Meanwhile, another inmate on Virginia’s death row is arguing that the same execution protocols that would be used to carry out Bell’s sentence are unconstitutional under last month’s high court decision in Baze v. Rees.
Bell, a Jamaican national, was sentenced to death in 2001 for the 1999 murder of Winchester police Sgt. Ricky L. Timbrook. Bell was slated to die on April 8, but Democratic Gov. Timothy M. Kaine postponed the execution until July 24.
His case was originally set for high court discussion on April 28, but the justices did not announce whether they had agree to hear the case.
Bell’s appellate lawyers have asked the court to use Bell’s case to settle what they say is a conflict between various federal appellate courts over whether it is reasonable to present no evidence in mitigation if most of the evidence is “two-edged.”
Review by the entire court is rare. More than 8,000 applications are made to the court each year, but only about 100 are heard.
In the meantime, Bell’s fellow death row inmate, Christopher Scott Emmett, is preparing to argue at the U.S. Court of Appeals for the Fourth Circuit in Richmond that Virginia’s execution protocols are unconstitutional.
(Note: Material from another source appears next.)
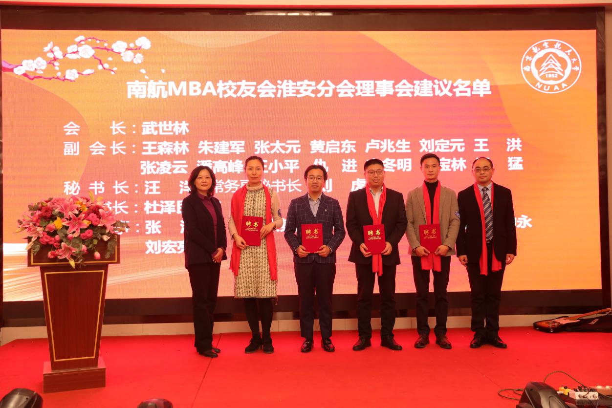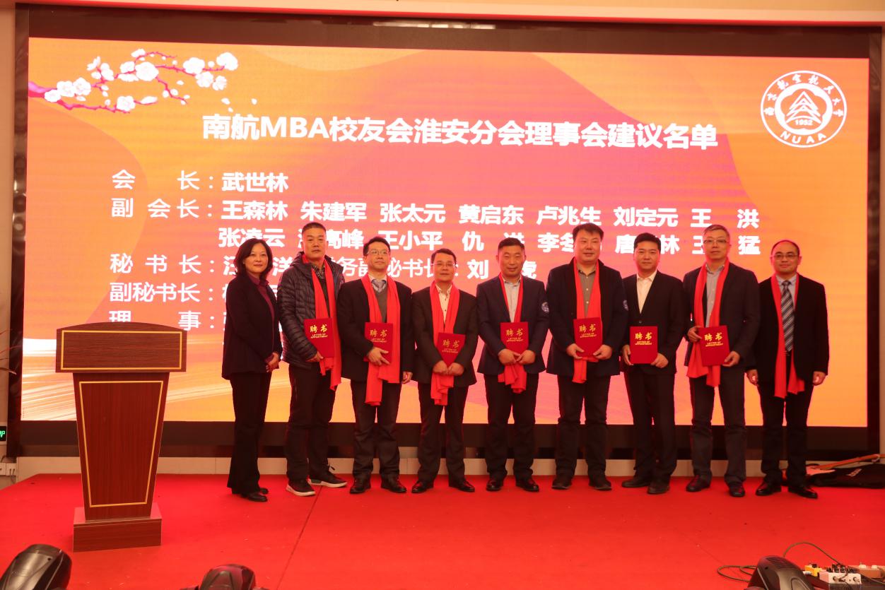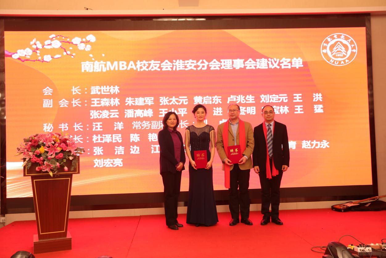 12月28日,江南体育 MBA校友会淮安分会成立大会在淮安成功召开。淮安市教育局局长张元贵,淮安市人力资源与社会保障局副局长王乃岩,淮安市人才中心主任陈朝晖,淮安市就业管理中心副主任刘兆尚,淮安天士力药业副总经理杨国军,万香科技股份有限公司副总经理陈兆钢,淮安经济开发区热电有限公司常务副总经理张德善,淮安柴米河农业科技股份有限公司王其传,南航党政办/发展联络部副部长、校友总会副秘书长张钟勤,江南体育官网 副院长王子龙,党政办/发展联络部校友会办公室主任单晶,MBA教育中心执行主任、南航MBA校友会秘书长杜刚,MBA教育中心学生工作与职业发展办公室主管祝少琪,经管院校友工作秘书许志卓以及淮安各界200多位校友代表欢聚一堂,共同庆祝南航MBA校友会淮安分会的成立。

The Supreme Court held last month that Kentucky’s protocols are constitutional, but Emmett’s lawyers say they don’t look anything like Virginia’s.
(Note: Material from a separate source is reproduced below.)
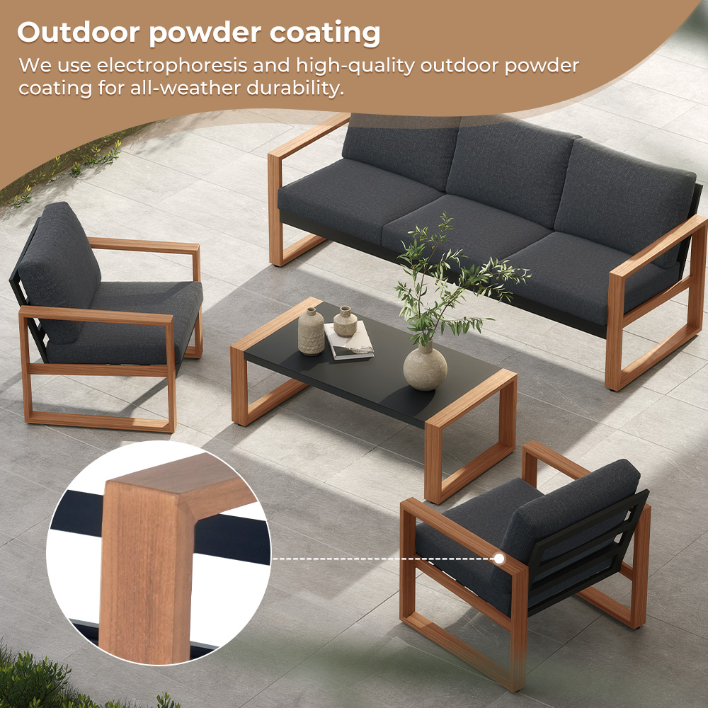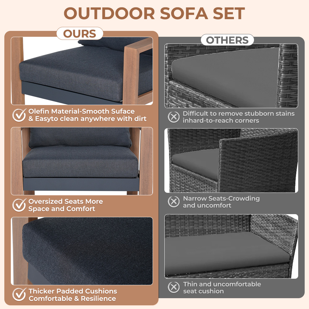Complete Set: Includes 2 sofas, a 3-person sofa, and a table, seating up to 5 people.

“Emmett has developed a compelling record showing that in Virginia there is a substantial risk that he will be inadequately anesthetized during his execution,” his lawyers wrote in court filings last week.
At issue is whether Emmett can show, as Chief Justice John Roberts wrote in the Baze opinion, that Virginia’s “lethal injection protocol creates a demonstrated risk of severe pain.”
Condemned inmates challenging a lethal injection protocol must “show that the risk is substantial when compared to the known and available alternatives.”
That’s just what the record demonstrates in Virginia, according to Emmett’s lawyers.
“Inmates in Virginia routinely take longer to die from the potassium [chloride] than the State’s expert predicted should be the case, suggesting that they have not received all of the potassium, which in turn suggests that they have not received all of the thiopental,” Emmett’s lawyers wrote.
That means that the inmates could have felt the burning chemicals in their veins, but were unable to move to alert the execution team that they were in pain, according to Emmett’s legal team.
But the Baze decision also holds that capital punishment, by its very nature, carries some risk of discomfort, according to lawyers from the office of Republican Attorney General Bob McDonnell.
“[The Supreme Court] observed that the ‘Constitution does not demand the avoidance of all risk of pain in carrying out executions,’” the state attorneys wrote.
A lower court determined that “the evidence demonstrated that the risk of pain to Emmett was [0.03 percent,] a risk that is not constitutionally significant,” they wrote.
“The district court therefore concluded that Emmett cannot prevail because, although there will always be the possibility of risks, Emmett failed to demonstrate a substantial risk of harm,” the attorney general’s staff lawyers wrote.
A three-judge panel in Richmond will hear oral arguments in the Emmett case on May 14.